The call takes a long time, many CUs are expanded, which probably shouldn't.  Probably because of the "int" in the function pointer type.  I'm noting it here so I can test it again once we have a patch to test.

Comment 18 Tom Tromey 2022-11-04 21:27:36 UTC

dw2-unusual-field-names.exp points out that the canonicalization
should probably depend on the DWARF tag, which is pretty
unfortunate.  According to the history, a type like this
is only defined by gdb itself, but of course the test invalidates
this by writing explicit DWARF to this end, necessitating
a workaround in the reader :(

Comment 19 Tom Tromey 2022-11-04 21:28:08 UTC

Also:

ptype enum EU
type = enum EU : unsigned int integer {TWO = 2}
(gdb) FAIL: gdb.dwarf2/enum-type.exp: ptype EU in C++

though maybe this can be fixed in the test.

Comment 20 Tom Tromey 2022-11-04 21:28:47 UTC

(In reply to Simon Marchi from comment #17)
> The call takes a long time, many CUs are expanded, which probably shouldn't.
> Probably because of the "int" in the function pointer type.  I'm noting it
> here so I can test it again once we have a patch to test.

Try my branch "pr-29105-signed-index"

Comment 21 Simon Marchi 2022-11-05 01:28:04 UTC

(In reply to Tom Tromey from comment #20)
> (In reply to Simon Marchi from comment #17)
> > The call takes a long time, many CUs are expanded, which probably shouldn't.
> > Probably because of the "int" in the function pointer type.  I'm noting it
> > here so I can test it again once we have a patch to test.
> 
> Try my branch "pr-29105-signed-index"

All the cases I have reported appear fixed (in that they don't expand a ton of CUs) with that branch.

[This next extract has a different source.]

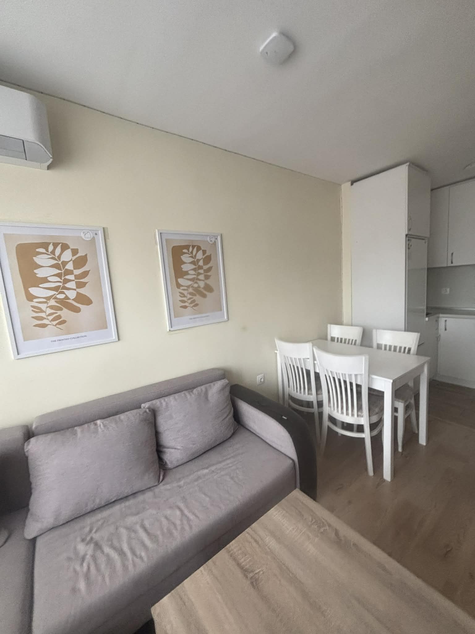 Имот Инвест предлага на вашето внимание прекрасен, двустаен апартамент в ЦГЧ на Благоевград, в нова сграда с АКТ 16. Състои се от кух. бокс с дневна, спалня, тераса, сан. възел. мокро помещение. Напълно обзаведен със съвсем нови мебели и уреди. Намира се близо до трето училище, АУБ, хотел Ален мак. Свободна зона за паркиране!

Comment 22 Tom Tromey 2022-11-07 16:28:25 UTC

https://sourceware.org/pipermail/gdb-patches/2022-November/193530.html

Comment 23 Tom Kacvinsky 2022-11-16 00:09:18 UTC

I can confirm this solves at least one of the problems I have seen with slow debugging.  Those problems are sluggishness stepping into functions and program startup.  I believe the latter is due to having the glibc debug packages installed on my CentOS 7 system.  The former - slow stepping into functions - appears to be related to the LLVM linker.  If use the BFD or gold linker to generate my executables and shared libraries, stepping into function is pretty snappy.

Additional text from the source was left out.